Understanding CNN architecture is essential to grasp how these networks achieve their remarkable performance. A typical convolutional neural network consists of several key layers, each serving a specific purpose in the feature extraction and classification pipeline.
The convolutional layer is the cornerstone of CNN architecture. This layer applies learnable filters (also called kernels) to the input image through a mathematical operation called convolution. Each filter slides across the image, computing dot products between the filter weights and the input pixels, producing feature maps that highlight specific patterns.
These filters learn to detect various features automatically during training. Early convolutional layers typically identify low-level features such as edges, corners, and textures. As information flows through deeper layers, the network learns increasingly complex and abstract features, eventually recognizing entire objects or scenes.

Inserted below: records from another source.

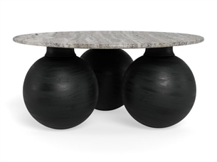 Konya rundt sofabord Ø95 cm i grå Morchana marmor er et eksklusivt og markant sofabord, der kombinerer rå naturmaterialer med et moderne design. Den mørke marmortop og det sorte træstel skaber et kraftfuldt og stilrent udtryk, der passer perfekt ind i nutidige hjem.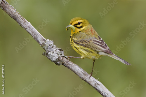 A Prairie Warbler (Dendroica discolor) perched on a branch at the Carden Alvar in Ontario, Canada.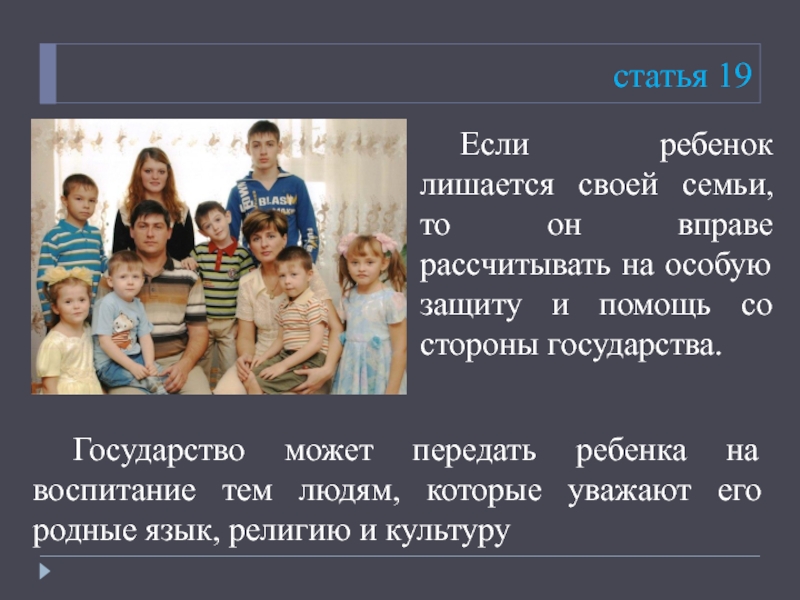 Если ребенок лишается своей семьи, то он вправе рассчитывать на

Pooling layers (also known as subsampling or downsampling layers) reduce the spatial dimensions of feature maps while retaining the most important information. The most common type is max pooling, which selects the maximum value within a defined window. This operation provides translation invariance, meaning the network can recognize features regardless of their exact position in the image.
Pooling layers serve multiple purposes: they reduce computational requirements by decreasing the number of parameters, help prevent overfitting, and make the network more robust to small variations in input. Alternative pooling methods include average pooling and global pooling, each with specific use cases in neural network design.
Activation functions introduce non-linearity into the network, enabling CNNs to learn complex patterns. The Rectified Linear Unit (ReLU) is the most popular activation function for CNNs, defined as f(x) = max(0, x). ReLU and its variants (Leaky ReLU, Parametric ReLU) help networks train faster and avoid vanishing gradient problems that plagued earlier architectures.
After several convolutional and pooling layers extract features, fully connected layers (dense layers) perform the final classification. These layers flatten the multi-dimensional feature maps into a one-dimensional vector and connect every neuron to all neurons in the subsequent layer. The final fully connected layer typically uses a softmax activation function to output class probabilities for classification tasks.